Background: Inherited haemoglobin disorders (haemoglobinopathies) are predominantly single-gene autosomal recessive disorders that result in production of structurally abnormal haemoglobin variants (sickle-cell disease) or a reduction in the synthesis of structurally normal globin (β-thalassemia). The objective of this study was to see the prevalence of thalassemia and sickle cell disease in Northern Border Region of Saudi Arabia and to counsel the couples for pre-marital screening of blood to avoid the disease.
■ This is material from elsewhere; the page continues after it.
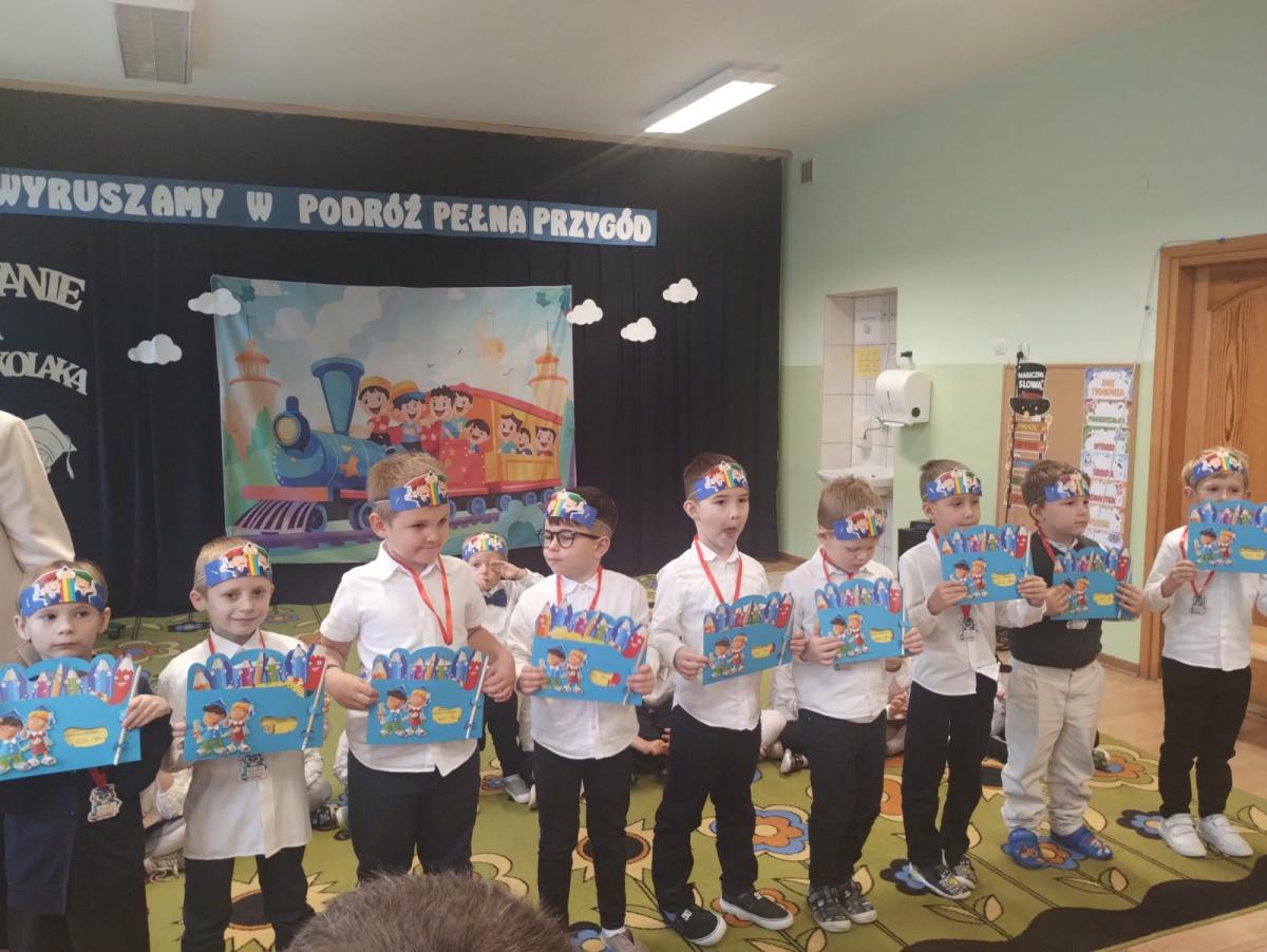 Nasze przedszkolaki zaprezentowały piękny występ artystyczny – recytowały wiersze oraz śpiewały piosenki, pokazując, jak wiele już potrafią. Następnie dzieci złożyły uroczyste ślubowanie, obiecując być dzielnymi, radosnymi i pomocnymi przedszkolakami.

Methods: This was retrospective study carried out in the Department of Physiology, College of Medicine, Northern Border University with Collaboration of Central Hospital Arar, during Muharram to Zulaghaeda 1434 H. We collected data of 23,522 male and female patients who visited the Central Hospital Arar, Marriage Center of Northern Border Region in Arar during 1425 H to 1431 H; where the couples were counselled for pre-marital screening of blood to avoid the disease. Results: Prevalence of haemoglobinopathies in 1425 H was 2.8% compared to the prevalence of haemoglobinopathies in 1430 H (0.4%). Prevalence of sickle cell carriers was 44.75% in 1427 compared to prevalence in 1427 H (5.4%). Prevalence of β-Thalassemia was (92.7%) in 1425 H compared to prevalence in 1427 H (55.3%). Conclusion: The cases of haemoglobinopathies are present in our area. Premarital screening and genetic counselling markedly reduced the number of atrisk marriages, which may considerably reduce the genetic disease over the coming decades.